Best practices for extension developers
This Best Practices guide is a living document, meant to be improved and revised as the software and our recommendations change. This guide combines best practices our community requested with guidelines that our User Experience (UX), Engineering, and Product teams create. If you have feedback about these recommendations, submit a pull request (PR) to the documentation. Give us your best practices recommendations, tell us about your challenges, and tell us how we can help standardize these guidelines.
The Adobe Commerce and Magento Open Source applications consist of the core product code plus optional components that enhance or replace the core product code. There are over 100 out-of-the-box components in the form of modules, themes, and language packages available.

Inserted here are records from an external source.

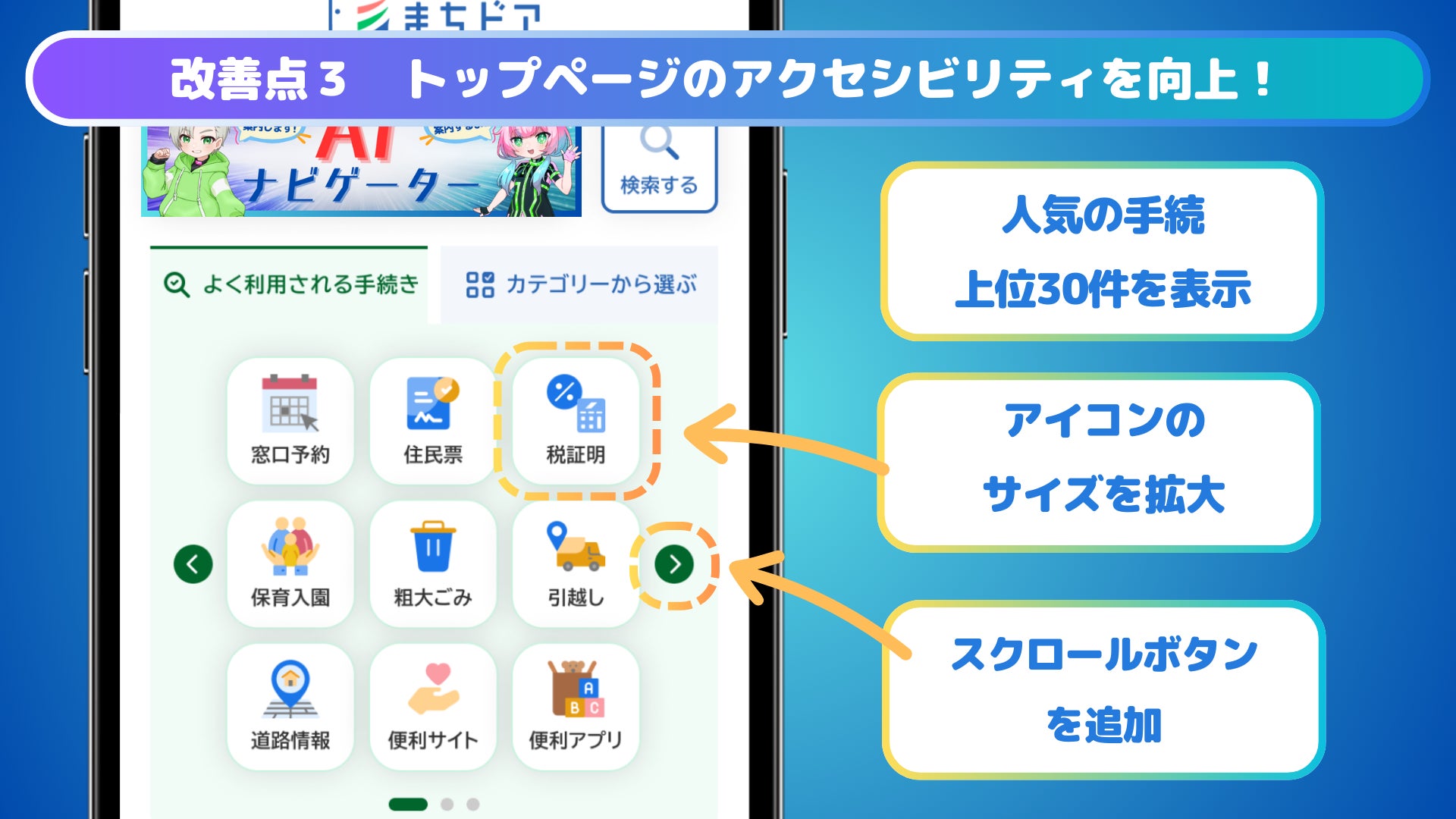 人気のデジタルサービスの表示数を、上位10件から30件に拡充し、ニーズの高い手続に、アクセスしやすくなりました。また、アイコンのサイズを拡大し、スクロールボタンを追加することで、より直感的に操作できるようになりました。
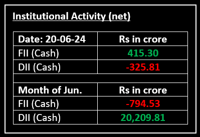 On June 20, the Indian equity market closed on a positive note amid volatility, with the Nifty finishing above 23,550. Selling was seen in the auto, pharma, and PSU banks stocks, while buying was seen in the metal, capital goods, realty, and oil & gas sectors.
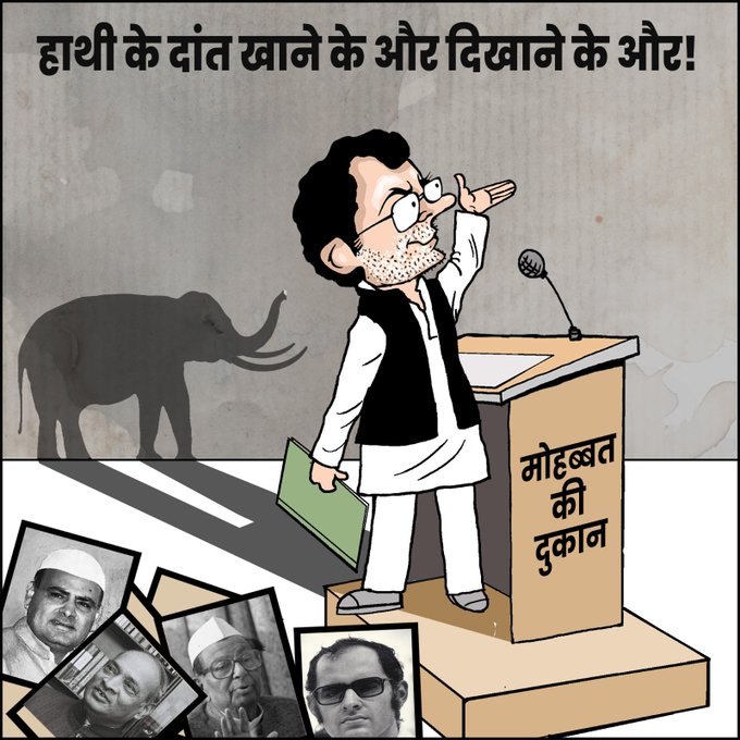 भारतीय जनता पार्टी ने कांग्रेस नेता राहुल गांधी के अमेरिका में दिए बयान और मोहब्बत की दुकान वाले स्टेटमेंट पर तीखा हमला बोला है। राहुल गांधी के कार्टून की मदद से भाजपा ने लिखा कि हाथी के दांत खाने के और दिखाने के और। इस फोटो में फिरोज गांधी, संजय गांधी, पीवी नरसिम्हा राव की तस्वीरें भी लगाई हैं। बीजेपी ने लिखा कि अपने नेताओं का अपमान करने वाले, आज चला रहे 'कथित' मोहब्बत की दुकान। इन नेताओं की तस्वीर लगाकर बीजेपी यह बताना चाहती है कि फिरोज गांधी, संजय गांधी, पीवी नरसिम्हा राव को कांग्रेस ने भुला दिया।
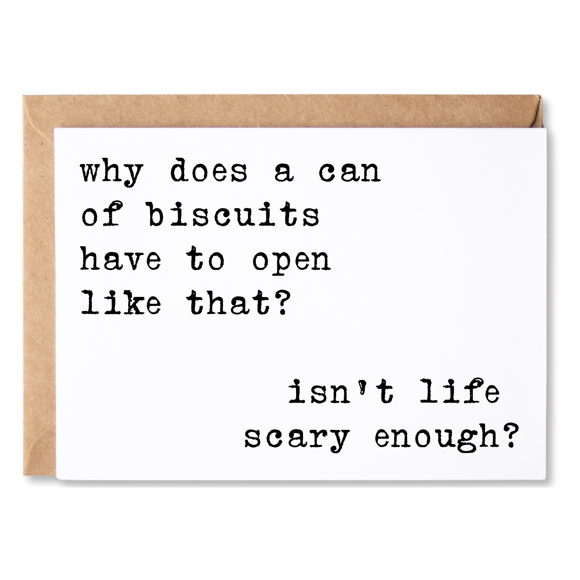 Card Text: why does a can of biscuits have to open like that? isn't life scary enough?
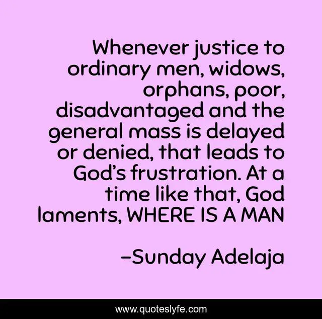 This page presents the quote "Whenever justice to ordinary men, widows, orphans, poor, disadvantaged and the general mass is delayed or denied, that leads to God’s frustration. At a time like that, God laments, WHERE IS A MAN". Author of this quote is Sunday Adelaja. This quote is about poor, disadvantaged, men, like, justice, god, orphans, denied, delayed,.

The Adobe Commerce and Magento Open Source architecture allows for enhancements by letting you develop your own component. Keep in mind that in addition to the core modules, your extension will be running alongside components from other developers. For this reason, it is important that your component behaves correctly in the application's modular environment.
The table below is data from a recent poll that shows the distribution of the amount of extensions installed on an Adobe Commerce or Magento Open Source instance for each edition. So for example, 32% of merchants on EE have over 50 different extensions installed!
Edition | 1-9 extensions | 10-30 extensions | 31-50 extensions | 50+ extensions |
---|---|---|---|---|
Community | 10% | 53% | 26% | 11% |
Enterprise | 9% | 32% | 27% | 32% |
This guide provides best practices, guidelines, and tips for creating extensions. We encourage you to follow our best practices when developing code for your Adobe Commerce and Magento Open Source components.